Action item | From the data below, return only the lines from the one with "生成图像金字塔主要包括两种方" through the one with "Ian: I was pointing", exact and inclusive, with pictures left out.

Task data |
=== Section Start ===
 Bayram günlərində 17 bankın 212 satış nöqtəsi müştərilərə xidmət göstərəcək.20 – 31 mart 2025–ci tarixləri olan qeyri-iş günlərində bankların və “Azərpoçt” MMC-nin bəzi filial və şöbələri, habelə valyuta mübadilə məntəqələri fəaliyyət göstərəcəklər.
=== Section End ===
=== Section Start ===
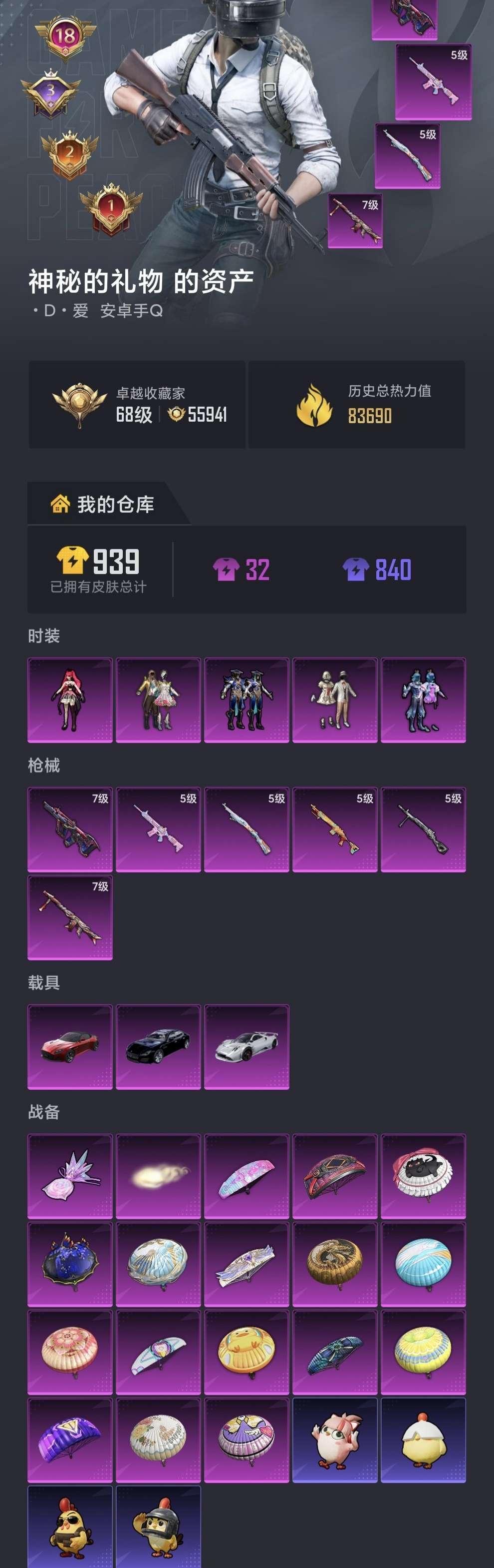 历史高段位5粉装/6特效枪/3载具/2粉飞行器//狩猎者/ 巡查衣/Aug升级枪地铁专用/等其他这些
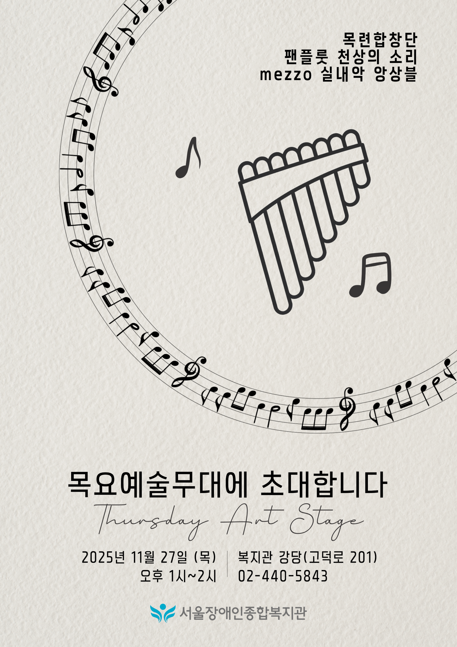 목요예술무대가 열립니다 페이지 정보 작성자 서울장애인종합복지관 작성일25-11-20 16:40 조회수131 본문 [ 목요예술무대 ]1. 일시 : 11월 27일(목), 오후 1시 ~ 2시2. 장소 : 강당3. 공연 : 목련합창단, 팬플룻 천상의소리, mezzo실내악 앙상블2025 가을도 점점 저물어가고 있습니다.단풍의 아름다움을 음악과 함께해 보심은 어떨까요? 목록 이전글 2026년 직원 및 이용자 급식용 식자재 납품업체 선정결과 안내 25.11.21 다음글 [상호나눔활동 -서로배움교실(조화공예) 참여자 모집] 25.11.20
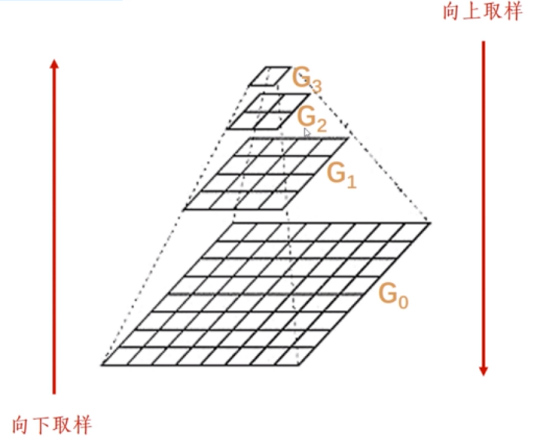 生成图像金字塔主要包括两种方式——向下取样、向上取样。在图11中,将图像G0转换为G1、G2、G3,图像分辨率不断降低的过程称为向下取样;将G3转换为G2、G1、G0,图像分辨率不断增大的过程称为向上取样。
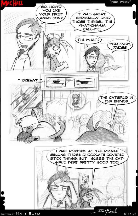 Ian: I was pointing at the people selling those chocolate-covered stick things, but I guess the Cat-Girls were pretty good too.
=== Section End ===
Task response |
 生成图像金字塔主要包括两种方式——向下取样、向上取样。在图11中,将图像G0转换为G1、G2、G3,图像分辨率不断降低的过程称为向下取样;将G3转换为G2、G1、G0,图像分辨率不断增大的过程称为向上取样。
 Ian: I was pointing at the people selling those chocolate-covered stick things, but I guess the Cat-Girls were pretty good too.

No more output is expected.